### Data for processing
╔══
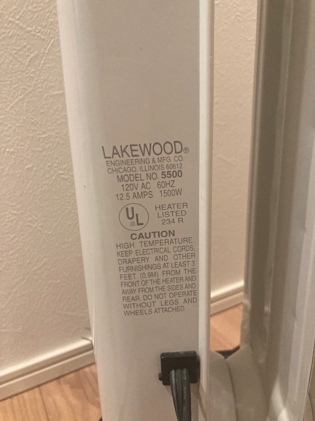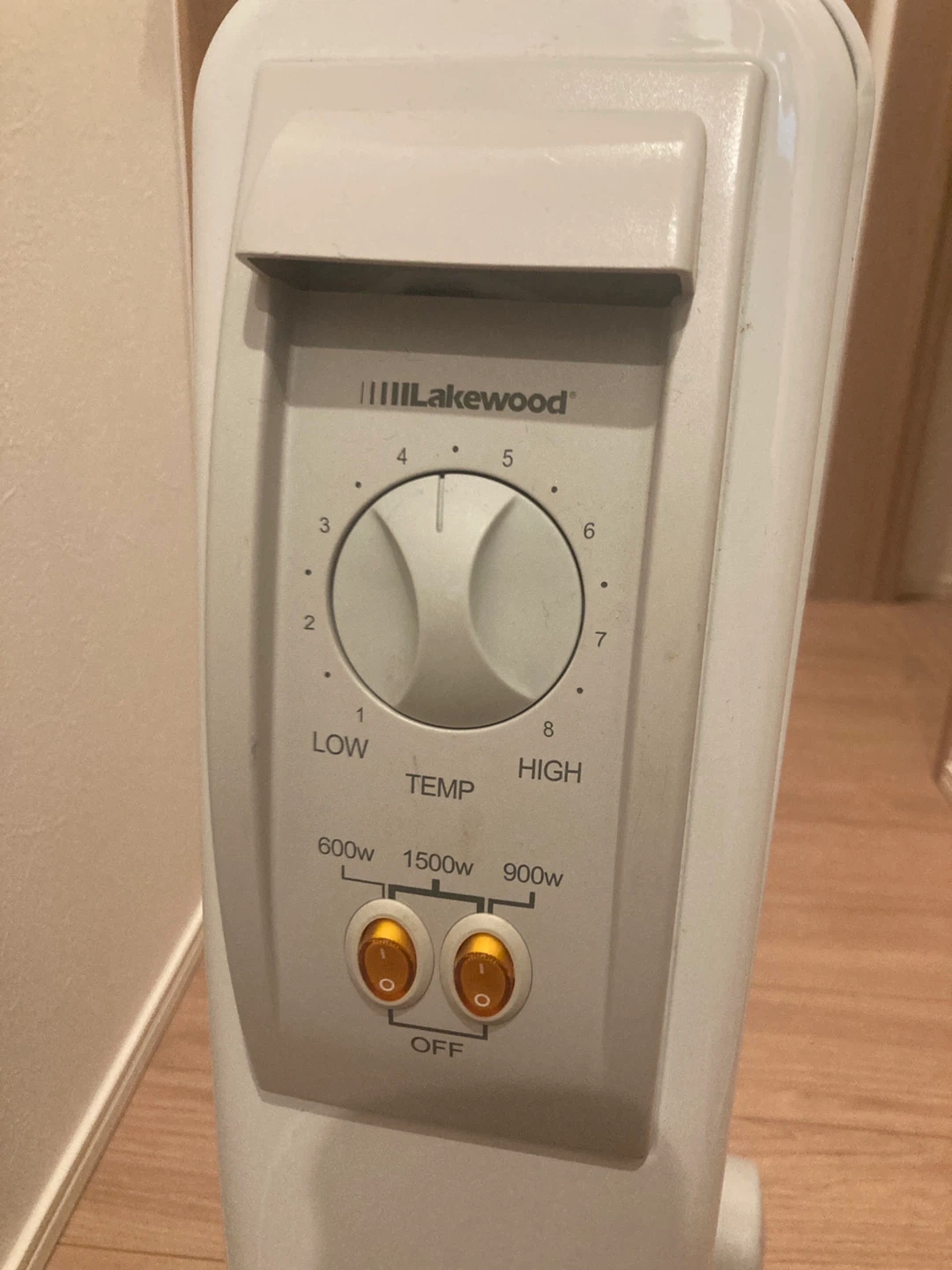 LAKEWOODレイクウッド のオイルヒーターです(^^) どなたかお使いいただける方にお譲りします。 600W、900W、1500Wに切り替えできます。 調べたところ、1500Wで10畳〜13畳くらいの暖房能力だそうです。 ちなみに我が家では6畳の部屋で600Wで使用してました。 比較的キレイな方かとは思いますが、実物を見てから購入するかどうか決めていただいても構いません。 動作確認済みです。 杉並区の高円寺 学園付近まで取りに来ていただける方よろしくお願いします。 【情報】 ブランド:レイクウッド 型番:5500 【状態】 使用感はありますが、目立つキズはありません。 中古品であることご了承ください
╚══
╔══
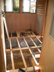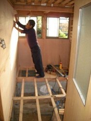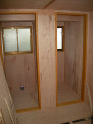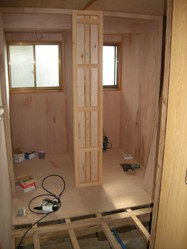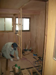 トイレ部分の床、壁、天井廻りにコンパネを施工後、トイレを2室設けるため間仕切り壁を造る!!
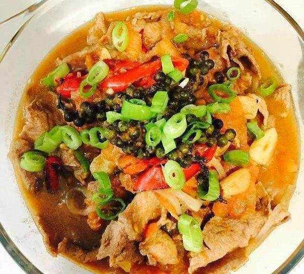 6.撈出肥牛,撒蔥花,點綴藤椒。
╚══
### Task description
All that should be printed is the run of lines above from the one with "トイレ部分の床、壁、天井廻り" through the one with "6.撈出肥牛,撒蔥花,點綴藤椒。", both included, exactly as given, with pictures left out.

### Problem solution
 トイレ部分の床、壁、天井廻りにコンパネを施工後、トイレを2室設けるため間仕切り壁を造る!!
 6.撈出肥牛,撒蔥花,點綴藤椒。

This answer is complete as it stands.